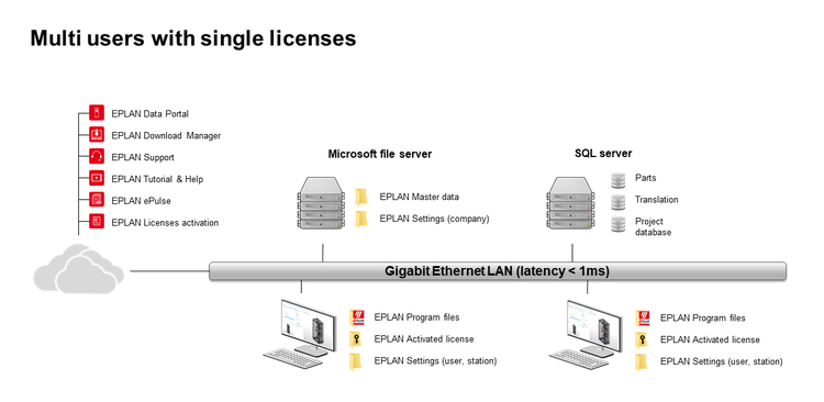 Wat uw noden en wensen ook zijn, om vlot met Eplan te kunnen werken heeft u een aantal zaken in elk geval nodig: een Eplan-licentie, de Eplan-software, data opslag (Microsoft file server) en een database (SQL). Ontdek hieronder welk type licentie, data opslag en database het meest geschikt is voor uw situatie.
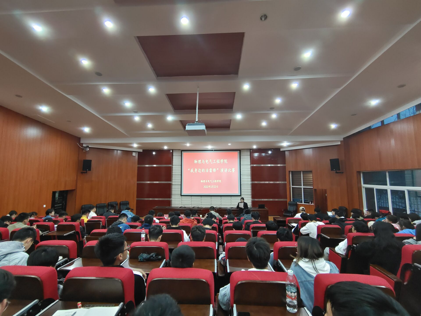为了践行雷锋精神,不断提高学生的思想道德品质。3月22日19时,物理与电气工程学院在博学楼117教室开展“我身边的活雷锋”演讲比赛。物理与电气工程学院党委书记谢春,党委副书记张毓福,以及学生科老师以评委的身份参加了本次比赛。
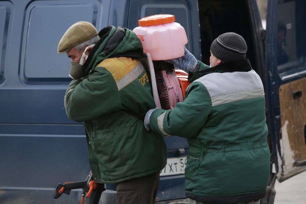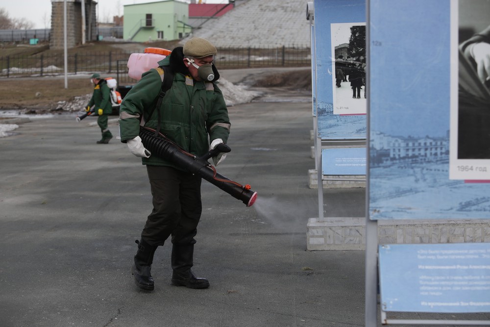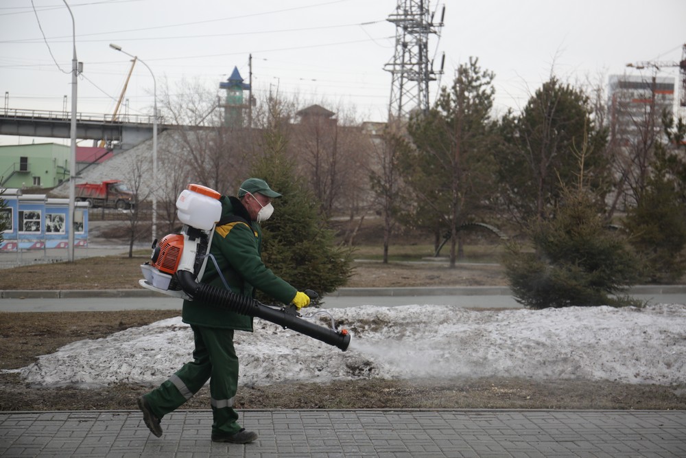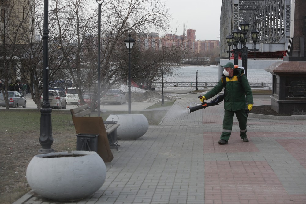Бригада рабочих новосибирского «Горзеленхоза» напоминает охотников за привидениями. На плечах — рюкзак с пластиковой трубой. Метр за метром они дезинфицируют поверхности на Михайловской набережной.
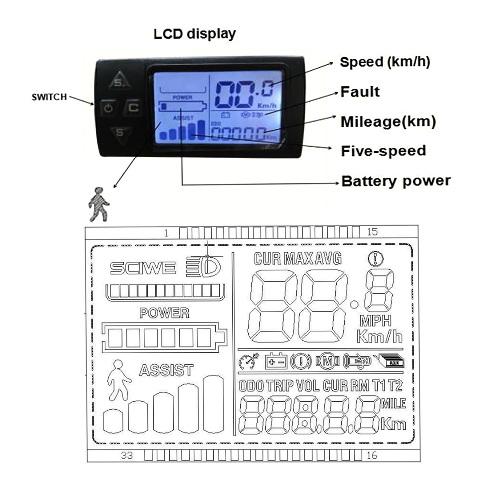 1 × LCD
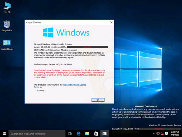Win10预览版10163承接此前推送的10162,看起来并没有明显的变化,因此微软更看重Bug修复和性能提升。而且俄罗斯爆料大神WZor本次展示的版本是Win10 Insider家庭预览版。
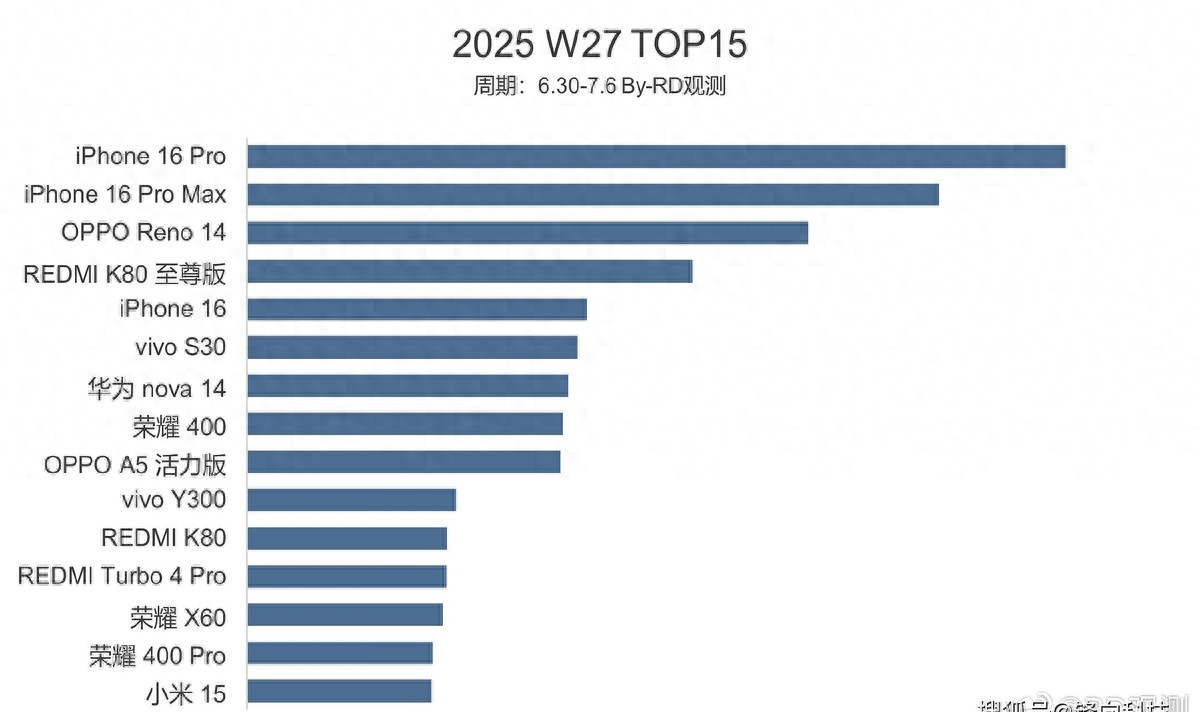 W27周數據清清楚楚:OPPO Reno14穩坐季軍,Redmi K80至尊版緊隨其后排第四,蘋果的iPhone 16直接跌到第六名。
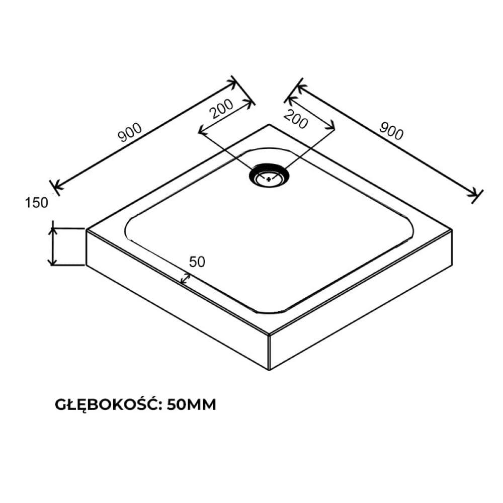 Brodzik prysznicowy kwadratowy wysoki SXL02B czarny 90 x 90 cm
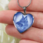 This elegant blue German Shepherd dog heart shaped necklace , with a picture of a German Shepherd face printed on it, is a heartfelt statement for anyone to wear who likes all the wonderful German Shepherds.

Work request
Drop the pictures, then transcribe the lines from the one containing "Бригада рабочих новосибирского" to the end of the data above, exactly and nothing more.

Completed exercise
Бригада рабочих новосибирского «Горзеленхоза» напоминает охотников за привидениями. На плечах — рюкзак с пластиковой трубой. Метр за метром они дезинфицируют поверхности на Михайловской набережной.
 1 × LCD
Win10预览版10163承接此前推送的10162,看起来并没有明显的变化,因此微软更看重Bug修复和性能提升。而且俄罗斯爆料大神WZor本次展示的版本是Win10 Insider家庭预览版。
 W27周數據清清楚楚:OPPO Reno14穩坐季軍,Redmi K80至尊版緊隨其后排第四,蘋果的iPhone 16直接跌到第六名。
 Brodzik prysznicowy kwadratowy wysoki SXL02B czarny 90 x 90 cm
 This elegant blue German Shepherd dog heart shaped necklace , with a picture of a German Shepherd face printed on it, is a heartfelt statement for anyone to wear who likes all the wonderful German Shepherds.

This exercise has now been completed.